I don't think non-blocking I/O is a good fit for web applications that talk HTTP, although I think it can be a good fit for Websocket applications. I will get to my reasons later. But first, let's continue digging through the Gish Gallop:
"Ilya mentioned the framework/ecosystem that I now consider to be the threat to Rails: Node.js [...] The biggest thing I noticed was the difference in performance. It consumed less memory than Ruby, and it served more requests per second than Sinatra or even Rack."
I have a huge pet peeve, and that's when people talk about performance without numbers. I tried it and it was faster. I tried it and it was slower. If you really want to make a point about the performance of a particular thing, can you at least pretend you're using science?

I hate to do this, but I think I have to destroy your god. Let's see how Ilya's software stacks up to mine on a crappy "hello world" web server benchmark. First, the numbers for my web server Reel:

# httperf --num-conns=50 --num-calls=1000

Ruby Version        Throughput    Latency
------------        ----------    -------
JRuby HEAD          5650 reqs/s   (0.2 ms/req)
Ruby 1.9.3          5263 reqs/s   (0.2 ms/req)
JRuby 1.6.7         4303 reqs/s   (0.2 ms/req)
rbx HEAD            2288 reqs/s   (0.4 ms/req)
Let's compare to Ilya's web server Goliath, as well as Thin and Node.js:
Web Server          Throughput    Latency
----------          ----------    -------
Goliath (0.9.4)     2058 reqs/s   (0.5 ms/req)
Thin    (1.2.11)    7502 reqs/s   (0.1 ms/req)
Node.js (0.6.5)     11735 reqs/s  (0.1 ms/req)
All of these servers, including mine, are using non-blocking evented I/O. Is that remotely relevant? No. That's just a coincidence.

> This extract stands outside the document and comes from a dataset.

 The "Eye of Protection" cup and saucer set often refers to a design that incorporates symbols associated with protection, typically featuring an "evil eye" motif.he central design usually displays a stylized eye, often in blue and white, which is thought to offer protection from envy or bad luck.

My web server is faster than Ilya's. So by Gish Gallop logic, Ilya must be wrong about everything. There must be no reason to use Ilya's web server. Let's write everything in Node since it won the benchmark.

There's a huge problem here: Goliath does things that Reel, Thin, and Node's HTTP server don't do. The reason it's slower isn't because Ilya sucks and is clueless about performance. The reason is that Goliath has features which these other web servers don't, which makes it an apples to oranges comparison. (I guess scumbag me for putting them all in a big list on the Reel web page)

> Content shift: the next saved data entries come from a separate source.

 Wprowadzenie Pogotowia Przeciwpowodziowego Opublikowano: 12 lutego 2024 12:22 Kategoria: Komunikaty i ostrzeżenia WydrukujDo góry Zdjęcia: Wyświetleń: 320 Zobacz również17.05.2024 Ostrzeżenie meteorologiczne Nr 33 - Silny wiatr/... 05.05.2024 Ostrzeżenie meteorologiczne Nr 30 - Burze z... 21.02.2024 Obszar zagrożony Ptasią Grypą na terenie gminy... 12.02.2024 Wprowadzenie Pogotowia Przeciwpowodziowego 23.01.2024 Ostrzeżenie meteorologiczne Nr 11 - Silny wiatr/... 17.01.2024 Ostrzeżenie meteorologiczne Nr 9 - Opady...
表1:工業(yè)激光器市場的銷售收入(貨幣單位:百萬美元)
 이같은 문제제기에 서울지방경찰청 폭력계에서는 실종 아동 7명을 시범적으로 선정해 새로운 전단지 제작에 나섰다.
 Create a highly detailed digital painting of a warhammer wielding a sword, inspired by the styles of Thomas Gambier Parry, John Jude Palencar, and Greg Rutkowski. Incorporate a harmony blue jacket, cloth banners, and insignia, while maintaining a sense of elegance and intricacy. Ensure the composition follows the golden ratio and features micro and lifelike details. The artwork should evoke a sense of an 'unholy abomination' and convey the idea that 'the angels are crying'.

The same can be said of Rails: it probably isn't ever going to have better latency through the entire stack  than any Node.js framework, but the latency of the Rails stack is probably going to be a lot less than your application logic, and that's still going to be a drop in the bucket compared to the network latency to a given user.

Celluloid solves every single problem you're whining about better than Node

Node has a lot of problems, and I'm not just talking about the audience it attracts. Let me start by saying this: many of the things I have built in Celluloid are based off of technologies originally developed for Node. My web server Reel uses the Node HTTP parser, and it's quite likely that the next iteration of nio4r I develop will be based off of libuv.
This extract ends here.